Old metaphors coming around again.

db0,
@db0@hachyderm.io avatar

@pvonhellermannn they should sell them to Ben Shapiro

passenger,
@passenger@kolektiva.social avatar

@db0 @pvonhellermannn

Underrated toot.

mrcompletely,
@mrcompletely@heads.social avatar

@pvonhellermannn I will gladly accept that same amount to also accomplish nothing. I will even use much less sand.

peterdrake,
@peterdrake@qoto.org avatar

@pvonhellermannn One is reminded of the premise of Robert Louis Stevenson's short story "The Bottle Imp":

"The protagonist buys a bottle with an imp inside that grants wishes. However, the bottle is cursed; if the holder dies bearing it, his or her soul is forfeit to hell. ... The bottle must be sold, for cash, at a loss."

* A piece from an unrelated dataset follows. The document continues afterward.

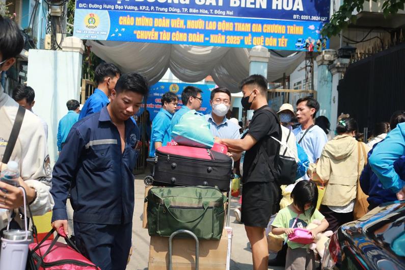 (CTT-Đồng Nai) - Mới đây, Liên đoàn Lao động (LĐLĐ) tỉnh đã tổ chức chương trình Chuyến tàu Công đoàn - Xuân 2025, tiễn hơn 100 gia đình đoàn viên, người lao động (NLĐ) cùng thân nhân về quê đón Tết. Chương trình do Tổng LĐLĐ Việt Nam hỗ trợ cho NLĐ về quê tại các tỉnh, thành phía Bắc. Tham dự có Phó Chủ tịch Tổng LĐLĐ Việt Nam Phan Văn Anh; Phó Chủ tịch UBND tỉnh Nguyễn Thị Hoàng cùng đại diện các sở, ban, ngành trong tỉnh.
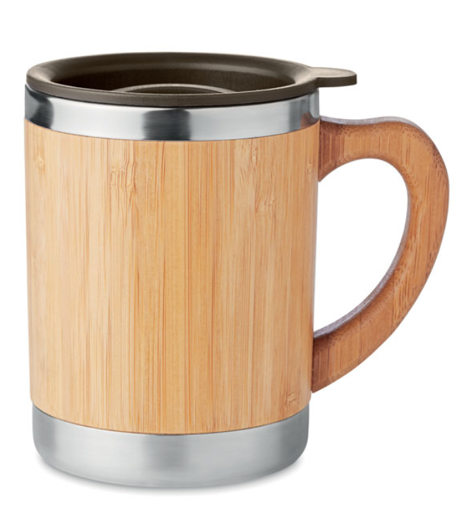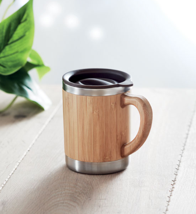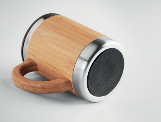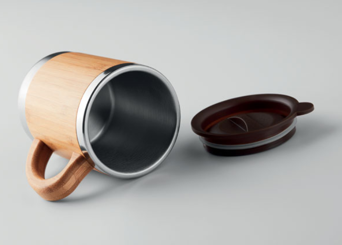 Кружка с двойными стенками из нержавеющей стали, корпус и крышка из бамбука. Получатель визуального подарка напоминает бочонок пива.

https://en.wikipedia.org/wiki/The_Bottle_Imp

The story is the inspiration for a solid card game by the same name:

https://boardgamegeek.com/boardgame/619/bottle-imp

freequaybuoy,
@freequaybuoy@mastodon.green avatar

@pvonhellermannn "Residents were later seen crying into the steering wheels of their giant SUVs."

Belle,
@Belle@mastodon.social avatar

@pvonhellermannn Hire Dutch engineers! Best regards from minus 3,88 meters below sea level!

juergen_hubert,
@juergen_hubert@thefolklore.cafe avatar

@Belle @pvonhellermannn If I were one of those Dutch engineers, I wouldn't take the job.

Because that's basically dealing with Customers from Hell. How can do build proper dikes for a people who think they can deal with sea level rise by denying its existence?

By writing that denial into legislation, no less!

Belle,
@Belle@mastodon.social avatar

@juergen_hubert You just told the Dutch people that they deny sea level rise?

juergen_hubert,
@juergen_hubert@thefolklore.cafe avatar

@Belle No, many Americans do that.

And such Americans would make very bad customers for dike engineers.

fishidwardrobe,
@fishidwardrobe@social.tchncs.de avatar

@pvonhellermannn Half a million for a sand dune?!

Lyle,
@Lyle@cville.online avatar
markdevries,
@markdevries@mstdn.social avatar

@Lyle @fishidwardrobe @pvonhellermannn We Dutch spend millions per year to keep our coast where it is supposed to be staying (we drew a line). We add around 10 million m3 every year along the coast.